Former Hong Kong governor Chris Patten said today the move by the city government to seek a retrial of young democracy activists which eventually saw them jailed was a “political decision”, as he called for dialogue to heal entrenched divisions.

Patten was the last governor of Hong Kong before it was handed back to China in 1997 and has repeatedly spoken out about the importance of protecting its democratic freedoms.

Since the handover, Hong Kong has been ruled under a semi-autonomous “one country, two systems” deal which allows rights unseen on the mainland, but Beijing is increasingly tightening its grip.

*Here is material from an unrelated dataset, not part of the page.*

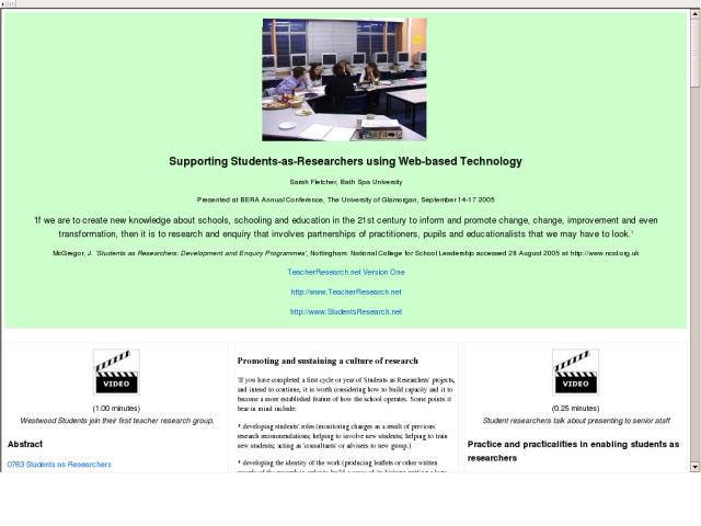 This collection is created as part of a presentation about Students as Researchers at the BERA Annual Conference, 2005.

Prominent democracy activist Joshua Wong and two fellow campaigners were jailed last month for their role in a protest that sparked massive Umbrella Movement rallies in 2014 calling for political reforms.

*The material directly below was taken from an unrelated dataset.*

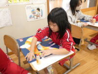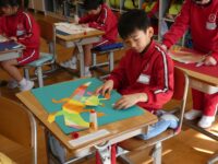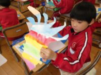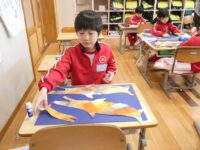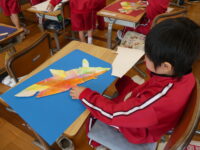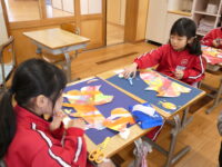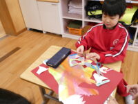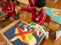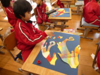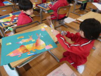 1年生は、12月にローラーで色を付けた紙を、思い思いの形に切って画用紙に貼りました。

They had previously served community service for the same charges, but the government successfully sought to overturn the non-custodial sentences.

“I don’t seek to question the judges, the courts, the system, except where political decisions are made,” Patten told reporters at Hong Kong’s Foreign Correspondents’ Club.

“I think in the case of Joshua Wong and his colleagues it was a political decision by the secretary of justice to appeal sentences of a lower court,” he said.

He recalled how the justice secretary, Rimsky Yuen, had recently given a lecture at Oxford University, where Patten is chancellor, and had described Hong Kong as “Asia’s international hub for the rule of law”.

“I strongly endorse that proposition, but I’m not sure that what’s happened is the best example to give of how that’s going to work,” he said.

While Patten has said he does not agree with young campaigners’ calls for independence for Hong Kong, which have infuriated Beijing, he said they should be given the opportunity to discuss their views with authorities.

It comes as university heads have said they will not tolerate posters and banners advocating independence on campuses which have appeared since the start of term.

Student unions have criticised them for curtailing their freedom of speech.

As the row escalates, city leader Carrie Lam said this morning there was “no room for any discussion on the independence of Hong Kong”.

Patten questioned how many government officials had ever discussed the issue with the students, having been to Hong Kong University on his last visit to explain why he felt the campaign for independence was misguided.

“I hope there’ll be a dialogue,” he said.

“You can’t simply expect people to accept your values or standards or political judgments without talking to them about it,” he said.

“You can’t trample ideas into the dust.”

He also advised students to be “restrained” in putting their arguments and to ask the government to come and talk to them.

Patten’s speech came just ahead of a court hearing for nine pro-democracy activists, including three veteran Umbrella Movement campaigners.

That hearing was later adjourned until January.